Finding—and Painting—the Drama in Everyday Items
David Aipperspach, Assistant Professor of Art and Art History
When you think of a dramatic image, a microwave oven may not be the first thing that comes to mind. Nor a flannel-clad torso or a box fan. But for painter David Aipperspach, researching—and then identifying ways to represent—the dramatic relationships of light and shadow in everyday items is an important aspect of the art he creates.
“A few years ago a critic called some of my work ‘deadpan sci-fi,’ which I thought was interesting,” said Aipperspach. “All the subjects, such as microwaves, torsos, and little sets of flowers, are recognizable to a broad audience. Yet as a body of work it’s interesting how these seemingly ubiquitous, everyday or deadpan subjects can be imbued with ambiance, drama, and tension—which you might expect to see in a genre like science fiction—just by the way they are cropped, rendered, and lit.”
Aipperspach, who is an assistant professor of art and art history in painting and printmaking, is also interested in how time gets recorded in a painting. For his “Fan” series, he animated a box fan by taping streamers to it and turning it on. He then used a combination of models and photography to help understand some of the blurring effects and create the illusion of light and motion.
“This is a good example of where it’s obviously a split second that is captured, but the painting was made over a very long time because the process is slow and meticulous. When we read painting, we sort of read all that labor, whether it’s conscious or subconscious.”
His newest work also explores the representation of time in paintings.
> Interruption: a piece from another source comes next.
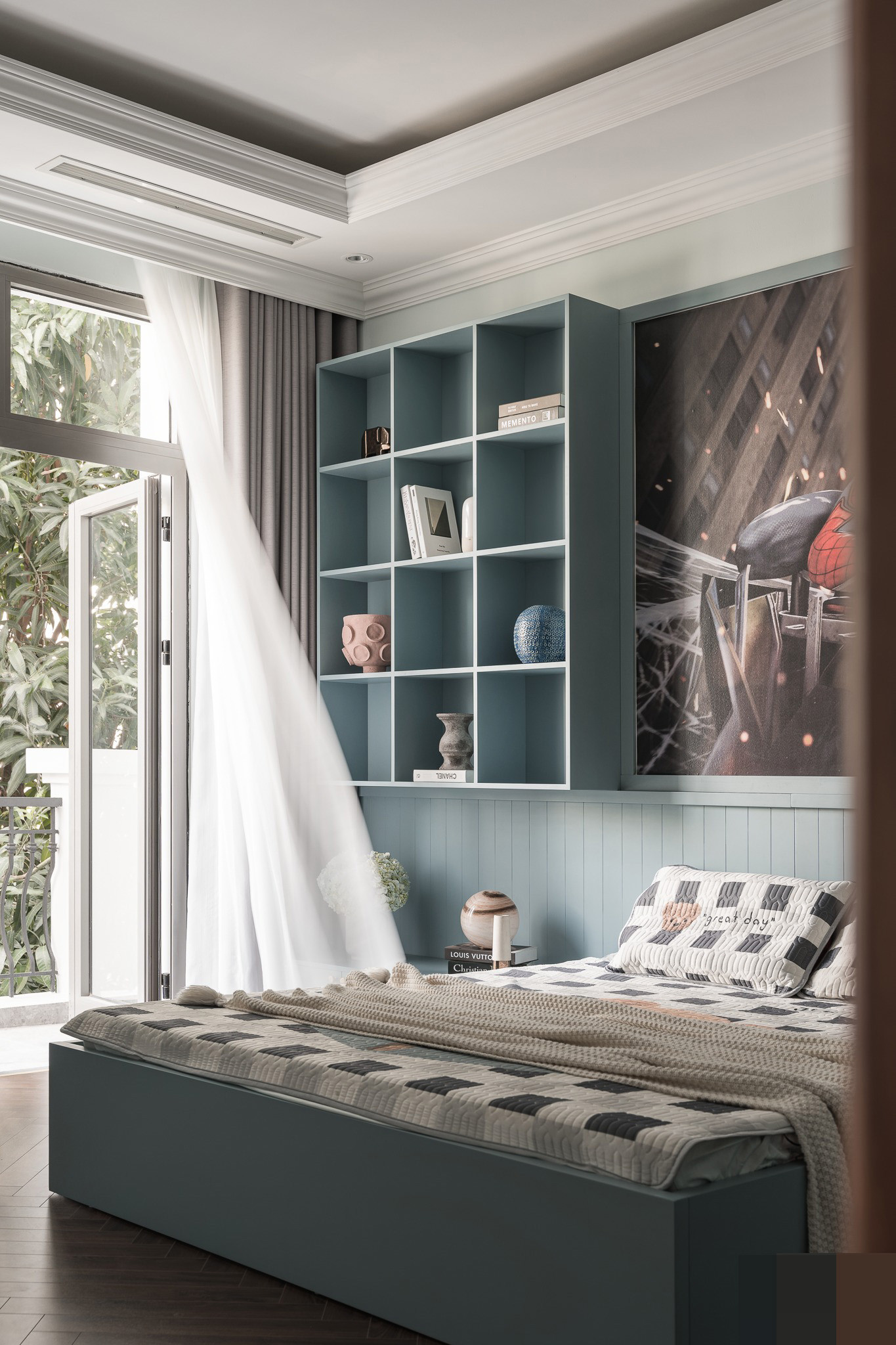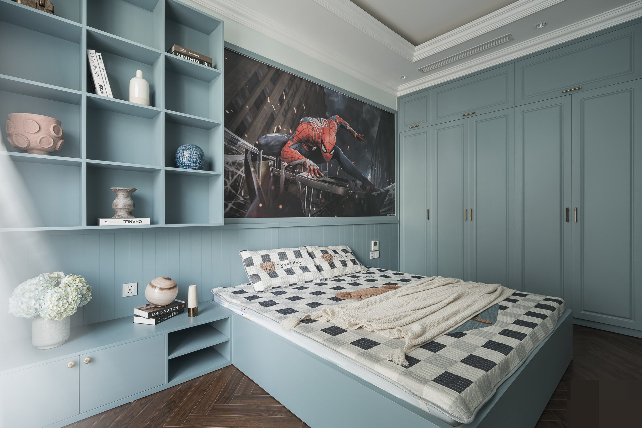 Phòng ngủ bé trai cá tính, mạnh mẽ có hình nhân vật người nhện bé yêu thích.

Inspired by a three-week residency at the Soaring Gardens Artist Retreat in Laceyville, Pa., Aipperspach made small paintings from observation with the intention of creating larger versions in his Philadelphia studio. Each 7’ x 6’ painting in this series depicts a particular interior or exterior tableau recorded on site and is stamped with inset frames of various bands of color that mark the pocket of time represented.
“I stood outside throughout those three weeks at different hour markers and created color studies. I looked out and recorded the changing bands of color in the sky and in the stacked, receding horizons characteristic of that region. It’s like a clock; a way of recording time based on how the light changes as the sun sets.”